Each Employment Agreement is for a term of three (3) years and entitles each executive to the payment of annual base salary and the right to participate in the Company’s annual bonus plan, incentive plans and other benefit plans in effect from time to time. In the event any executive’s employment is terminated by the executive for Good Reason (as defined in the Employment Agreements) or by the Company other than for Cause, Death or Disability (each as defined in the Employment Agreements), the executive shall be entitled to a lump sum payment equal to the aggregate of the following amounts: (A) the executive’s accrued base salary through the date of termination, the executive’s annual bonus for the year prior to termination, assuming the applicable performance goals have been met and such bonus remains unpaid, and accrued and unpaid vacation pay (the “Accrued Obligations”), (B) an amount equal to two times the sum of (i) executive’s base salary and (ii) a percentage of the executive’s base salary (which percentages for each executive are as follows: Mr. Williams – 125%, Messrs. Thigpen and Rovig – 80% and Messrs. Duff and Weinstock – 75%) (the “Cash Severance”) and (C) an amount equal to the annual bonus payable in the year of termination, such bonus to be prorated and based on actual Company performance. Furthermore, in such event, the executive shall also be entitled to continuation of health benefits for two years, the executive’s stock options will continue to vesting under the terms of the award for a period of up to three (3) years plus ninety (90) days, the executive’s unvested time-based restricted stock awards shall be 100% vested, and the executive’s unvested performance-based restricted stock awards will continue until the original vesting date on a pro-rated basis. The Employment Agreements also contain customary non-competition, non-solicitation and non-disparagement provisions.

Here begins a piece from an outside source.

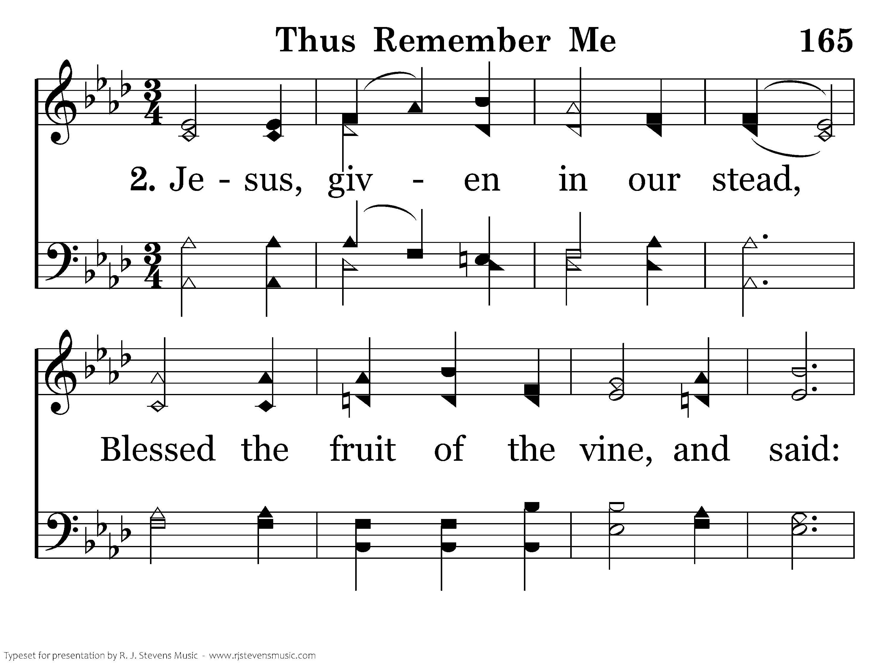 Jesus given in our stead, Blest the fruit of the vine and said: "This, My blood, for you is shed; So, remember me."

Each executive’s Severance Agreement shall only become effective in the event the executive’s Employment Agreement expires. Under the Severance Agreements, in the event any executive’s employment is terminated by the executive for Good Reason (as defined in the Severance Agreements) or by the Company other than for Cause, Death or Disability (each as defined in the Severance Agreements), the executive shall be entitled only to (A) payment of the Accrued Obligations and the Cash Severance (but calculated at one times plus the applicable percentage of base salary described above) and (B) 100% vesting of executive’s time-based restricted stock. The Severance Agreements also contain customary non-competition, non-solicitation and non-disparagement provisions.

The foregoing description of the Employment Agreements and the Severance Agreements is qualified in its entirety by reference to the full text of the form of each such agreement, which are attached to this Current Report as Exhibits 10.1 and 10.2 and incorporated herein by reference.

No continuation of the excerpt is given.